What is the median rating of movies in relation to the release year?

query4 ='''
        SELECT rating as Ratings, premiered FROM 
        ratings JOIN titles ON ratings.title_id = titles.title_id
        WHERE premiered <= 2022 AND type = 'movie'
        ORDER by premiered'''


# on the oficial doc there is a column called premiered that contains the year each movie was released
# it is always important to query the raw info

result4 = pd.read_sql_query(query4,conn)

display(result4)

    Ratings	   premiered
0	    6.4	    1896
1	    4.5	    1897
2	    3.9	    1899
3	    3.7	    1899
4	    6.0	    1900
...	...	...
271240	8.6	    2021
271241	7.7	    2021
271242	5.6	    2021
271243	6.0	    2021
271244	8.2	    2021

271245 rows × 2 columns

#Calculate the median over time

ratings = []
for year in set(result4["premiered"]):
    ratings.append(np.median(result4[result4["premiered"]==year]['Ratings']))
    
#We are going to travel each year for each movie, and then calculate the median

years = list(set(result4['premiered']))

# Plot

plt.figure(figsize = (16,8))
plt.plot(years,ratings)
plt.ylabel("Year")
plt.xlabel("\nMedian of the Ratings")
plt.title("\nMedian rating of films in relation to the release year\n")
plt.show()

What is the number of movies rated by genre regarding to the release year?

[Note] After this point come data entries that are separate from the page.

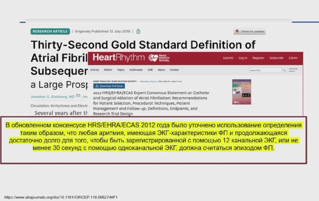 Возникает ряд недопониманий. В европейских рекомендаций четко сказано, что период времени, необходимый для постановки диагноза по данным методов мониторирования сердечного ритма, четко неопределённый, надо проводить исследования.
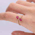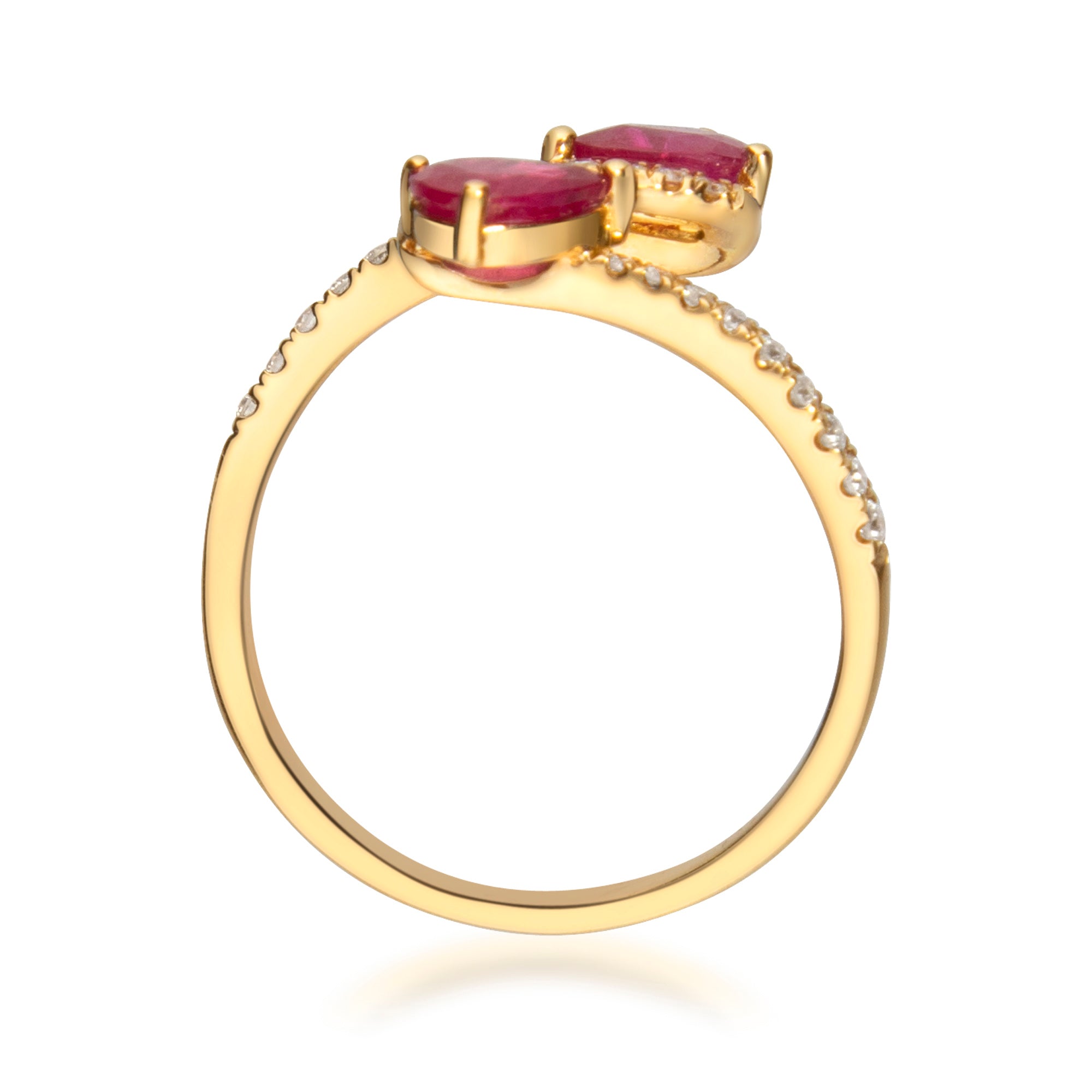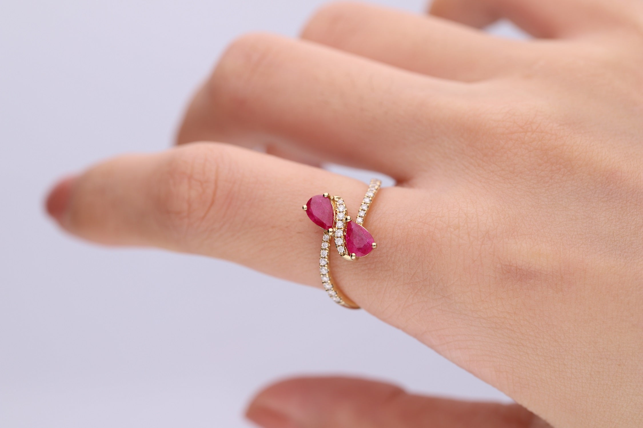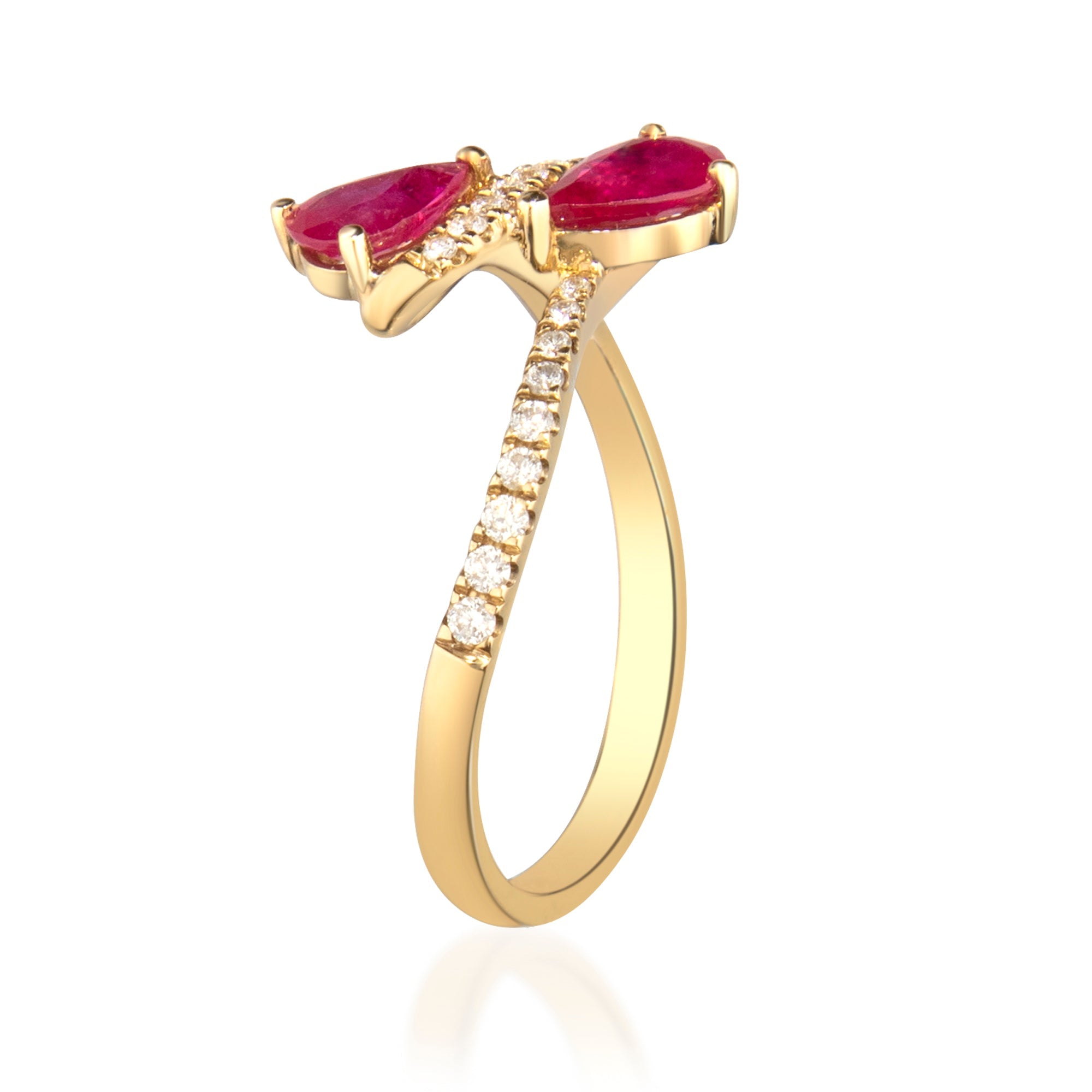 Stunning, timeless and classy eternity Unique ring. Decorate yourself in luxury with this Gin & Grace ring. This ring is made up of Pear-Cut Prong Setting Mozambique Ruby (2pcs) 0.88 Carat and Round-Cut Prong Setting Diamond (25pcs) 0.17 Carat accent stones for a lovely design weighing 1.79 grams. Crafted with 10k Yellow Gold, this delicate Ring is polished to a high finish shine
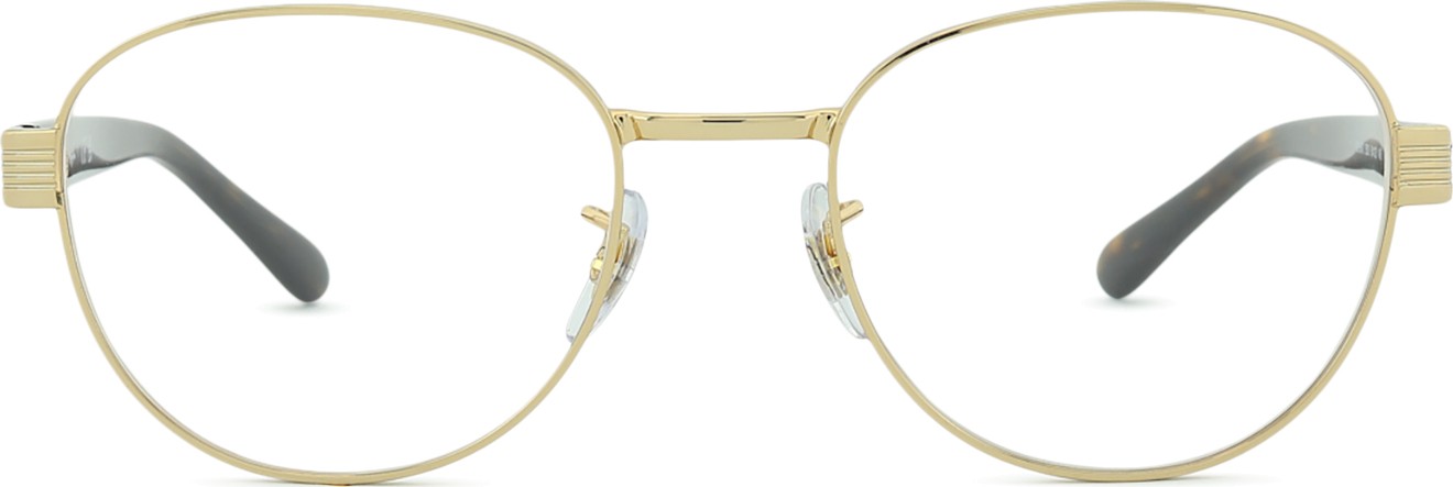 A cor dourada da armação combina perfeitamente com um tom de pele escuro e um cabelo castanho escuro.
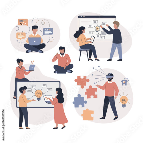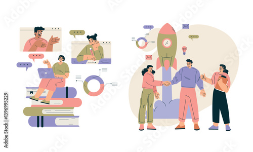 Home repair and cleaning services set, vector flat illustration. Cleaning ladies doing laundry, vacuuming carpet, cleaning house. Electrician, plumber changing light bulb, fixing clogged kitchen sink.
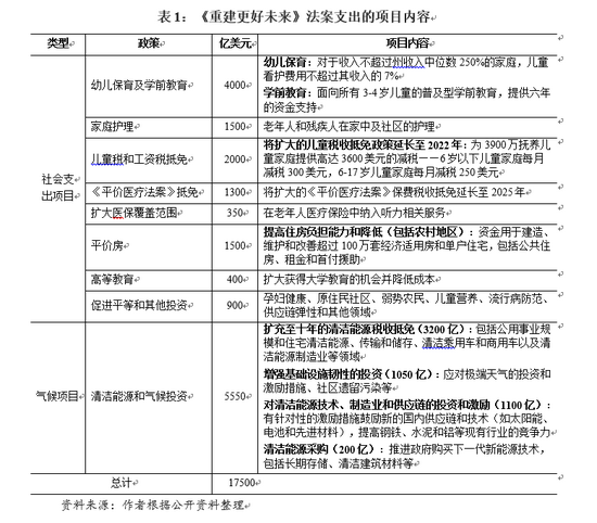 第一,《重建更好未来》法案大力支持新能源领域,有助于应对气候变化,刺激经济复苏。根据法案,5550亿美元将用于新能源行业,重点支持太阳能、风能和其他关键行业以促进美国国内供应链发展,并将通过赠款、贷款、税收抵免和采购等方式推动对美国制造业脱碳和振兴的资本投资(表1)。光伏风电方面,提升税收减免比例,并延长投资税收抵免时限。将美国光伏产业税收减免比例由26%提升至30%,减免时间从2022年延长至2026年。储能方面,首次获得单独的税收减免。在2026年前,实现对高于5KWh的储能系统最高30%的退税。新能源汽车方面,将税收抵免优惠由7500美元提升至最高1.25万美元。对于新能源领域的投资,有助于美国经济由化石燃料向清洁能源转型,提高企业及工人的生产率,促使整个经济体具备生产更多商品和服务的能力,强化供应链韧性。
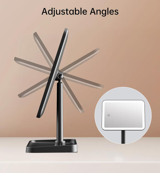 FUNTOUCH Vanity Mirror with Lights, Rechargeable 10X Magnification 3 Color Lighting Portable Tabletop Cosmetic Make Up Mirror, 360° Rotation Led Light up Mirrors with Storage,Black
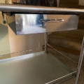 Sur roulettes, elle est entièrement en inox avec 2 plateaux
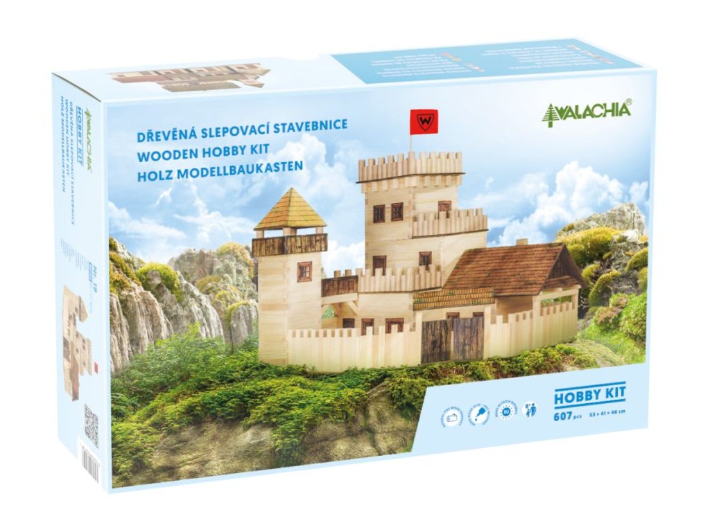 Dřevěná stavebnice Walachia ke slepení - Hrad. Slepovací stavebnice Walachia jsou dřevěné modely domečků a staveb z Valašského kraje v měřítku 1:32. Základem jsou dřevěné hranolky 9x9 mm a k tomu jsou v sadě vždy všechny papírové doplňky - okna, dveře, střešní části atd. Pro lepení se používá lepidlo Herkules, není však součástí stavebnice. Přiložený je montážní návod a malé kapitoly z historie lidové architektury. Níže je označení obtížnosti číslem 1 - 5, přičemž 1 je nejlehčí. Počet dílů stavebnice: 607. Rozměry: 53x41x46 cm. Obtížnost: 4Doplňkové parametry
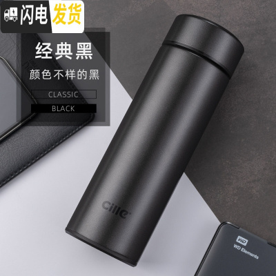 三维工匠保温杯男士不锈钢水杯女学生便携简约商务杯子大容量车载茶杯 1890黑色470
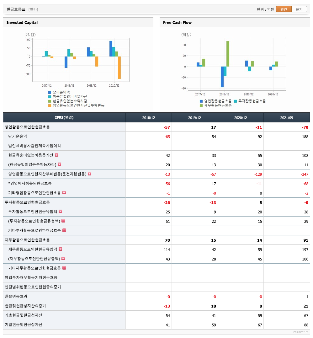 영업활동 현금흐름 : 2018년 -57억원, 2019년 17억원, 2020년 -11억원, 2021년 1,2,3분기 -70억원으로 2019년의 영업활동 현금흐름이 원활합니다.
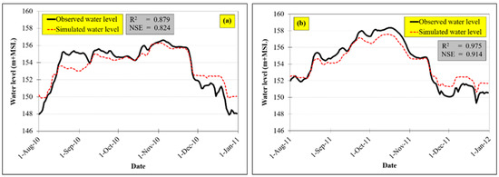 Figure 7. The compared daily water levels of the observation and simulation at the E.22B gauging station during: (a) calibration period (August to December 2010); and (b) validation period (August to December 2011).
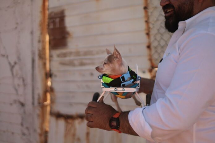 Parral, Chih.- El candidato a diputado por Movimiento Ciudadano, Francisco Sánchez, entregó una silla de ruedas para Abejita, una perrita con discapacidad en la ciudad de Parral.
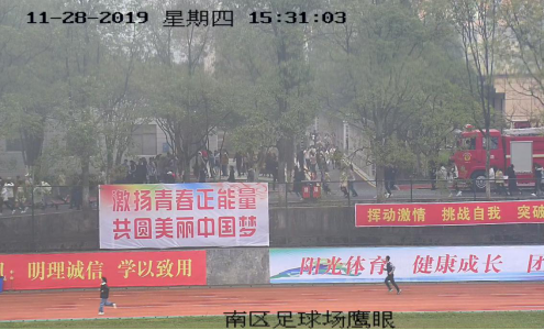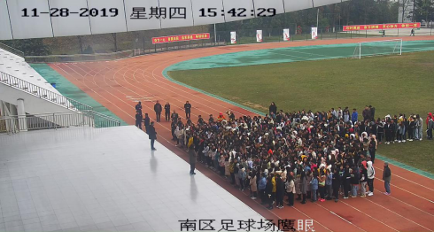 师生们有序疏散到南区足球场
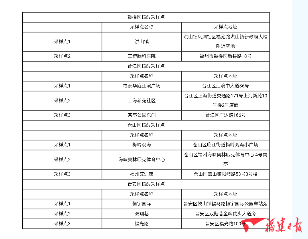 為滿足群眾近期核酸檢測(cè)需求,13日,福州市新型冠狀病毒感染肺炎疫情防控工作應(yīng)急指揮部在鼓樓區(qū)、臺(tái)江區(qū)、倉(cāng)山區(qū)、晉安區(qū)分別設(shè)置2-3個(gè)核酸采樣點(diǎn),請(qǐng)需要核酸檢測(cè)的群眾到就近采樣點(diǎn)有序采樣。同時(shí),按照疫情防控工作要求,聽從現(xiàn)場(chǎng)工作人員安排和引導(dǎo),并佩戴好口罩,保持“一米線”距離,不聚集。采樣時(shí)間:8:00-20:00。

query5= '''SELECT genres FROM titles'''

result5 = pd.read_sql_query(query5,conn)

display(result5)

                genres
0	        Documentary,Short
1	        Animation,Short
2	        Animation,Comedy,Romance
3	        Animation,Short
4	        Comedy,Short
...	...
8441946	    Action,Drama,Family
8441947	    Action,Drama,Family
8441948	    Action,Drama,Family
8441949	    Short
8441950	    Adventure,Animation,Comedy

8441951 rows × 1 columns

#Returning single genre, I guess it suits better than unique XD

single_genre = genres_return(result5)

#Now we count

genre_count = []

for item in single_genre:
    query = 'SELECT COUNT(*) COUNT FROM  titles  WHERE genres LIKE '+ '\''+'%'+item+'%'+'\' AND type=\'movie\' AND premiered <= 2022'
    result = pd.read_sql_query(query, conn)
    genre_count.append(result['COUNT'].values[0])

#Preparing the df
df_genre_count = pd.DataFrame()
df_genre_count['genre']= single_genre
df_genre_count['count']= genre_count

# Calculating the top 5
df_genre_count = df_genre_count[df_genre_count['genre'] != 'n'] #everything that isn't n
df_genre_count = df_genre_count.sort_values(by = 'count', ascending = False)
top_genre = df_genre_count.head()['genre'].values

# Plot

# Fig
plt.figure(figsize = (16,8))

# Loop and Plot
for item in top_genre:
    query = 'SELECT COUNT(*) Number_of_movies, premiered Year FROM  titles  WHERE genres LIKE '+ '\''+'%'+item+'%'+'\' AND type=\'movie\' AND Year <=2022 GROUP BY Year'
    result = pd.read_sql_query(query, conn)
    plt.plot(result['Year'], result['Number_of_movies'])
    
plt.grid(b=None)
plt.xlabel('\nAno')
plt.ylabel('Number of movies avaliated')
plt.title('\nNúmber of movies avaliated by genre regarding to their release\n')
plt.legend(labels = top_genre)
plt.show()

What is the longest movie? Compute the Percentis

query6= '''
        SELECT runtime_minutes Runtime
        FROm titles
        WHERE type = "movie" AND Runtime != "NaN"
        '''
        
#Percentis allow you to divide your data in 100 equal parts
#It is a way to identify outliers. The clusters 1 and 100 may present theses extreme values.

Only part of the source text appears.